Until such time as you had wheels of your own, however, your dad picked you and your sister up two Fridays out of every four, returning you two days later to the town whose most memorable building from the road was a multipurpose pyramid, your dirty laundry slung over your shoulders and a too-precious child-support check cupped into one of your palms. Your dad folded the check down the middle to protect you from knowing the financial cost of your growth, the paper sweet with his unsmoked tobacco and astringent with the ink of his felt-tip, the dyslexic 2s and 5s drafted carefully and without a single curve and often in red, like the numerals on the bombs whose explosions were always imminent on television. Your body was a temple. You were what you ate. Your parents loved you, each in their own separate ways. In the middle of crises, a tiny winged cow poured so much milk into each Kraft Single that if you consumed enough of them you were sure to fossilize yourself alive and therefore not slouch or break when, at some unfathomable point in the future, you had the tragic misfortune of looking into the mirror and finding there the reflection of an old person, some cloudy-eyed lady whom you would’ve never known back then but who, looking back, would always, always know you. Even when she remembered very few others. Even when she remembered very little else. Here is the church, you used to think, attempting to stand the child-support check upright on your mother’s dining-room table. Here is the steeple. Open the doors and …

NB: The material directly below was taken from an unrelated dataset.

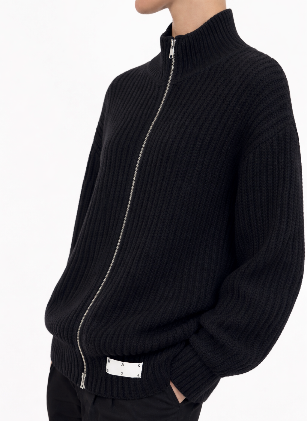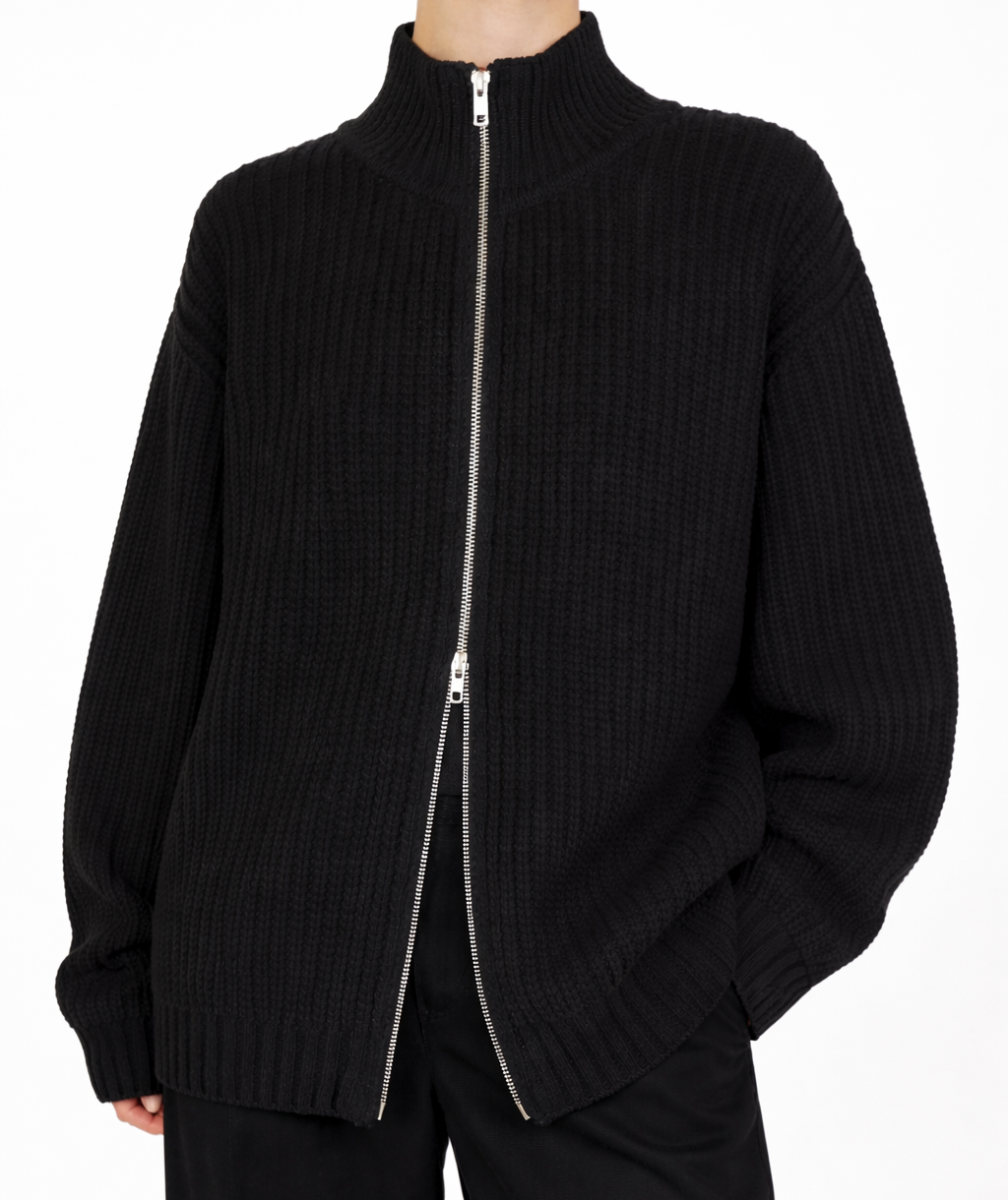 Black merino wool zip sweater

One day when you were in preschool your mom bought you a necklace in the pavilion whose roof was shaped like a pyramid. The pyramid was similar to the one in the picture of your grandmother wearing that red hibiscus behind her ear, except its exterior was made of ordinary roofing materials instead of stone, and rather than travel to it by Mexican tour bus, you rode past it countless times in your mom’s car on the way to and from the dance studio where, for entirely compulsory reasons, you took tap, jazz, and ballet lessons, never once with cause to stop and enter whichever of the pyramid’s giant leaning triangles harbored a door. Until the day of the craft fair, the old folks’ pavilion was a shape you could occlude with your palm or frame between thumbs and forefingers against the car window.

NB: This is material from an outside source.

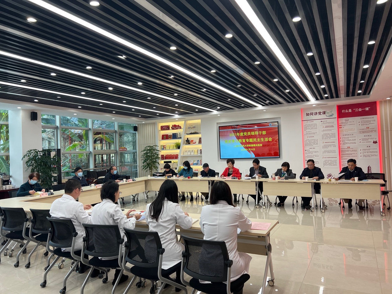 曙光医院认真落实sunbet申搏官网党委《关于认真开好2021年度处以上党员领导干部党史学习教育专题民主生活会的通知》要求,深入学习贯彻习近平新时代中国特色社会主义思想和党的十九届六中全会精神。按照sunbet申搏官网党委的统一部署,会前做好充分准备,组织专题学习、广泛征求意见、普遍谈心谈话、对照自查剖析,以及梳理上一年度民主生活会整改措施落实情况,撰写了2021年度班子对照检查材料和党员领导干部个人发言提纲。

Your mom would’ve had a cow had she known that weekends he had to work, your dad trusted you to your own devices in his car or alone in the closed lawn-mower shop. In the parking lot you sat in your winter coat reading library books about a girl who rode dolphins in water of a shade that would not submit to your crayons. You twiddled your favorite necklace as you read and meted out the car’s battery life by only checking for good songs between chapters and during slow sections. First your toes succumbed to prickles and then to a stony numbness. When it drizzled or rained, you lifted your head from the glass to stare at the rivulets through the clear spot your hair had mopped in the condensation. Alone in the car, your bodily and social hungers sublimated into appetites that could be satisfied with the nullity of the written word, while somewhere outside—in a whole other realm—your sister helped your dad and uncle by fetching cigarettes, passing wrenches, and pressing some ailing engine’s gas pedal on cue.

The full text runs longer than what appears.